Крепатуры многовато, конечно, но он и сложён так, что его кости ломают в полёте каменные глыбы — ревниво сравнила японка увиденное с иллюзорным идеалом.

— А почему тогда ты ногами не пользуешься в бою? — спросила она в следующую секунду. — Ну, почти не пользуешься.

— Там, где учился я, удары ногой по верхнему уровню считаются танцевальным элементом, а не боевым, — словно за что-то извиняясь, пояснил он. — Есть связки, захваты, которые уязвимость задравшего ногу страусом увеличивают в разы.

— У корейцев в тхэ-квон-до ноги — целая идеология. «Вышибить всадника из седла» — сложнейшая система прыжков и ударов в полёте. Там руки — вспомогательный элемент.

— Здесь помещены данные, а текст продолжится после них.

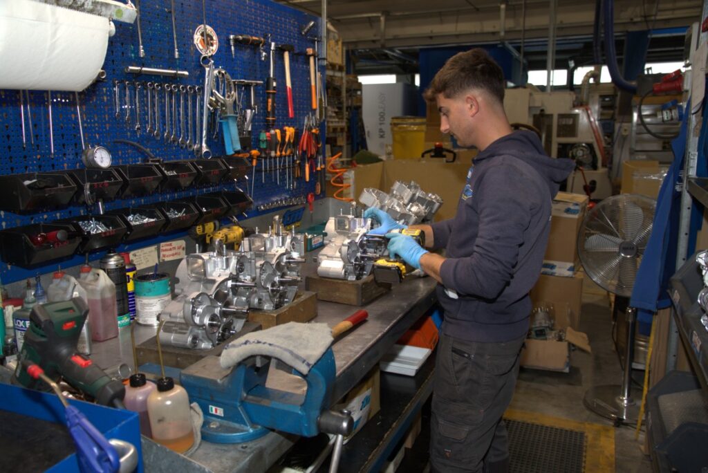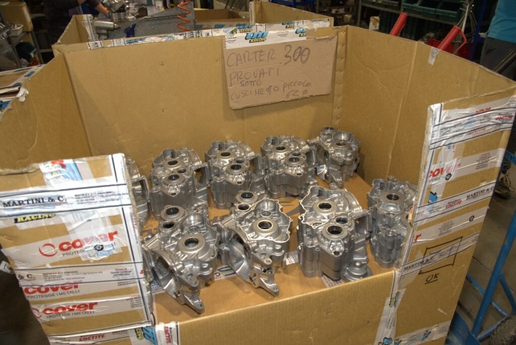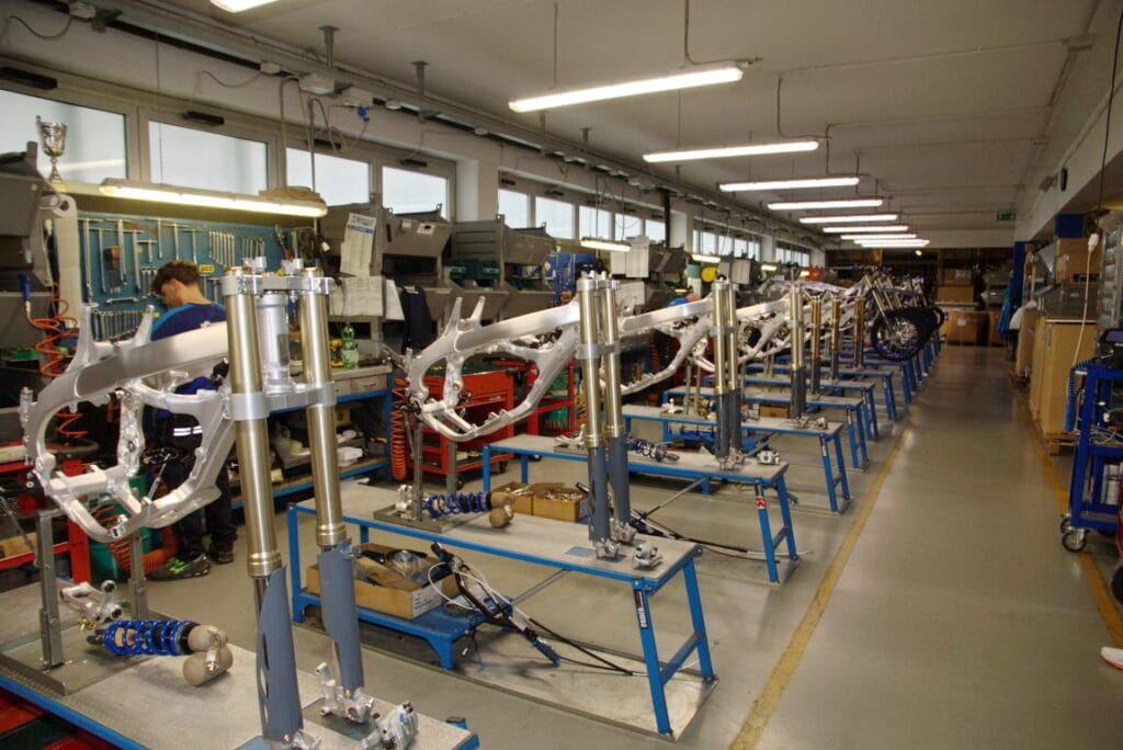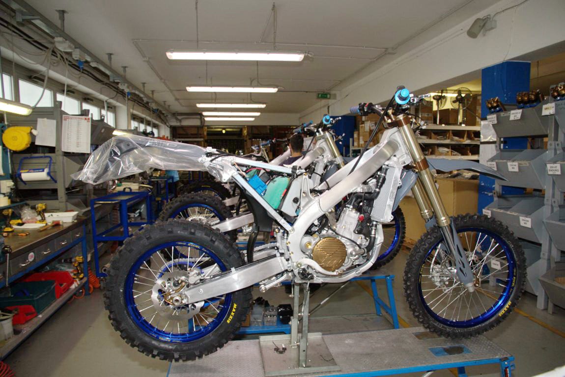 De kleine 2.000 motoren die jaarlijks deze fabriek uitrollen, zijn dus stuk voor stuk met de hand opgebouwd. Dat begint bij het motorblok, waarbij elke tweetaktcilinder en elke viertakt-cilinderkop liefdevol wordt nabewerkt, om vervolgens door één werknemer in een serie van vijf stuks zonder stress te worden opgebouwd tot een compleet motorblok. Daarna komt zo’n motorblok dan terecht in een rijwielgedeelte dat ook door één werknemer van de grond af aan wordt opgebouwd op een hefbrug. Natuurlijk is er goed nagedacht over de productie, maar het is niet alleen opmerkelijk hoeveel onderdelen TM in eigen huis produceert, maar ook welke rust er in de fabriek heerst bij het produceren van alle onderdelen en het samenvoegen van die delen tot een complete motor. Het hele productieproces staat daarmee haaks op de uitgekiende massaproductielijnen en lopende banden met robots zoals we die kennen van de grote merken. Eigenlijk is elke TM daarmee een soort fabrieksmotor, die helemaal met de hand is opgebouwd.

— Это как ты моего одноклассника в горло в прыжке подловила? — оживился товарищ. — Когда я трупом валялся? Когда мне лёгкие сожгли?

— Ага.

— Хороший удар, — Ржевский задумался, потом выдал. — Знаешь, я понял разницу в подходах. Если масса тела маленькая, как у тебя или у твоих стройных соотечественников, а из подручного оружия — только эти ваши палки на верёвке, то возможно стратегия использования ноги в качестве основного поражающего элемента против конника и неплоха. Не сильно умно завернул?

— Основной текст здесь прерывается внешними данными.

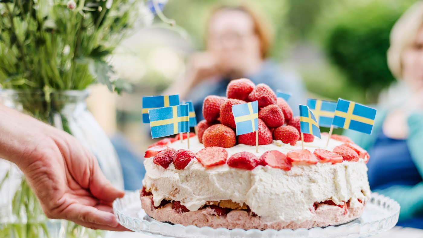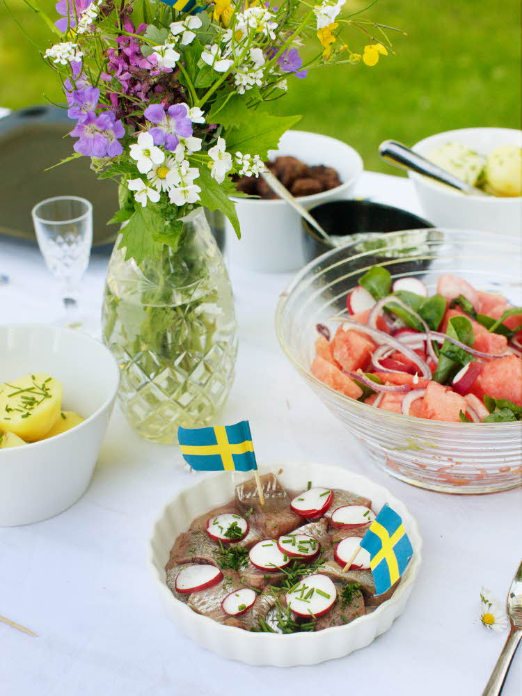 Vad gäller mat så är sill i fokus. Servera sill med potatis, gräslök och gräddfil. Men förät dig inte på sillbordet – till efterrätt serveras nämligen massor av jordgubbar och gräddtårta.

— Нормально… У тебя ж предок кавалерист! — сообразила она в следующую секунду, пытаясь проанализировать конкретный пример глубже. — Ты конную тему должен хорошо знать!

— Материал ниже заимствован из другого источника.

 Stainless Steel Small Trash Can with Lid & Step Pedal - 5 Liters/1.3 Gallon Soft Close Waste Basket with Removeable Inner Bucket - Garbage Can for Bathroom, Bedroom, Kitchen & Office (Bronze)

— Ну, положим, моего предка уже не спросишь, — рассудительно заметил блондин. — А я в седле в жизни не сидел. Мне кажется, выбивание всадника из седла ногой в прыжке — это, во-первых, если всадник и конь без доспеха. Только против лёгкой конницы сработает.

— А во-вторых? — она видела, что он опять мнётся и опять чего-то недоговаривает.

— Ну, у кого тело слабое, тот вынужден изощряться, — нехотя пояснил Ржевский. — А если ты кулаком разбиваешь кубический фут Королевского Мрамора, подброшенного в воздух, — он красноречиво хмыкнул. — То… Я коня могу кулаком убить, мне против всадника нет нужды подпрыгивать. Я седока и так из седла добуду.

— У тебя очень закалённое тело, — согласилась Шу. — Прямо как живая иллюстрация старинных трактатов, в которые никто уже не верит.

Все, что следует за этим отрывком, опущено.